= Bioecological model =

Part of Bronfenbrenner's ecological system theory

The bioecological model of development is the mature and final revision of Urie Bronfenbrenner's ecological system theory. The primary focus of ecological systems theory is on the systemic examination of contextual variability in development processes. It focuses on the world outside the developing person and how they were affected by it. After publication of The Ecology of Human Development, Bronfenbrenner's first comprehensive statement of ecological systems theory, additional refinements were added to the theory. Whereas earlier statements of ecological systems theory focused on characteristics of the environment, the goal of the bioecological model was to explicate how characteristics of the developing person influenced the environments to which the person was exposed and how they were affected by the environment. The bioecological model is strongly influenced by Bronfenbrenner's collaborations with Stephen Ceci. Whereas much of Bronfenbrenner's work had focused on social development and the influence of social environments on development, Ceci's work focuses on memory and intelligence. The bioecological model reflects Ceci's work on contextual variability in intelligence and cognition and Bronfenbrenner's interest in developmentally instigative characteristics - how people help to create their own environments.

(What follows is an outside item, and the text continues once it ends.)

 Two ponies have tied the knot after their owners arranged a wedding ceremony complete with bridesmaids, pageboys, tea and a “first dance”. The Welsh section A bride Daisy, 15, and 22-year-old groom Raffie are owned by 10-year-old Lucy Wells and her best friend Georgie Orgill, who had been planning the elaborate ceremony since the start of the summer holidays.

== Evolution of Bronfenbrenner's theory ==
Bronfenbrenner's initial investigations into contextual variability in developmental processes can be seen in the 1950s in the analysis of differences in methods of parental discipline as a function of historical time and social class. It was further developed in his work on the differential effects of parental discipline on boys and girls in the 1960s and of convergence of socialization processes in the US and USSR in the 1970s. These works were expressed in the experimental variations built in the development and implementation of the HeadStart program. informally discussed new ideas concerning Ecological Systems Theory throughout the late 1970s and early 1980s during lectures and presentations to the psychological community. Bronfenbrenner published a major statement of ecological systems theory in American Psychologist, articulated it in a series of propositions and hypotheses in his most cited book, The Ecology of Human Development and further developing it in The Bioecological Model of Human Development and later writings.

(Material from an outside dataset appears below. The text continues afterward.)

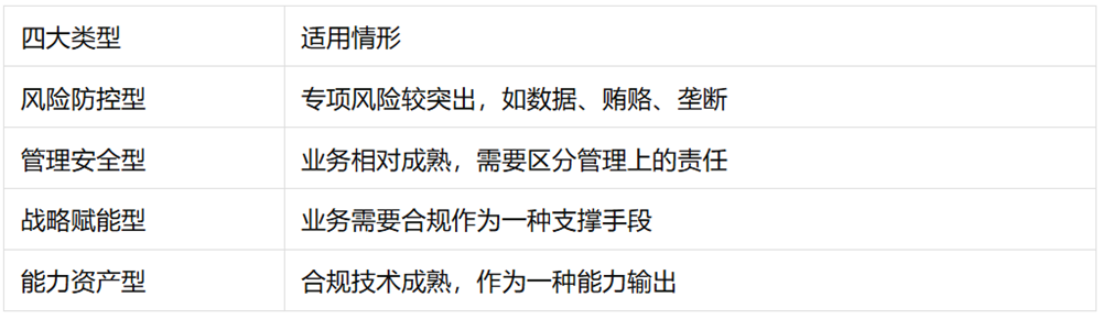 鉴于此,总结本人带领的龙龘合规团队多个项目经验和本人"法律+管理"原创方法,在原有合规管理价值探讨的基础上,我提出如下四种类型的合规管理,供各企业、各同行参考。

Bronfenbrenner's early thinking was strongly influenced by other developmentalists and social psychologists who studied developmental processes as contextually bound and dependent on the meaning of experience as defined by the developing person. One strong influence was Lev Vygotsky, a Russian psychologist who emphasized recognized that learning always occurs and cannot be separated from a social context. A second influence was Kurt Lewin, a German forerunner of ecological systems models who focused on a person's psychological activities that occur within a kind of psychological field, including all the events in the past, present, and future that shape and affect an individual. The centrality of the person's interpretation of their environment and phenomenological nature was built on the work of Thomas & Thomas: “(i)f men define situations as real they are real in their consequences”.

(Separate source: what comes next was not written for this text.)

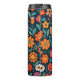 Gato de arte popular laranja e azul com olhos azuis e uma arte ai floral.

Bronfenbrenner was also influenced by his colleague, Stephen J. Ceci, with whom he co-authored the article “Nature-nurture reconceptualized in developmental perspective: A bioecological theory” in 1994. Ceci is a developmental psychologist who redefined modern developmental psychology's approach to intellectual development. He focused on predicting a pattern of associations among ecological, genetic, and cognitive variables as a function of proximal processes. Together, Bronfenbrenner and Ceci published the beginnings of the bioecological model and made it an accessible framework to use in understanding developmental processes.

== History ==
The history of bioecological systems theory is divided into two periods. The first period resulted in the publication of Bronfenbrenner's theory of ecological systems theory, titled The Ecology of Human Development, in 1979. Bronfenbrenner described the second period as a time of criticism and evaluation of his original work.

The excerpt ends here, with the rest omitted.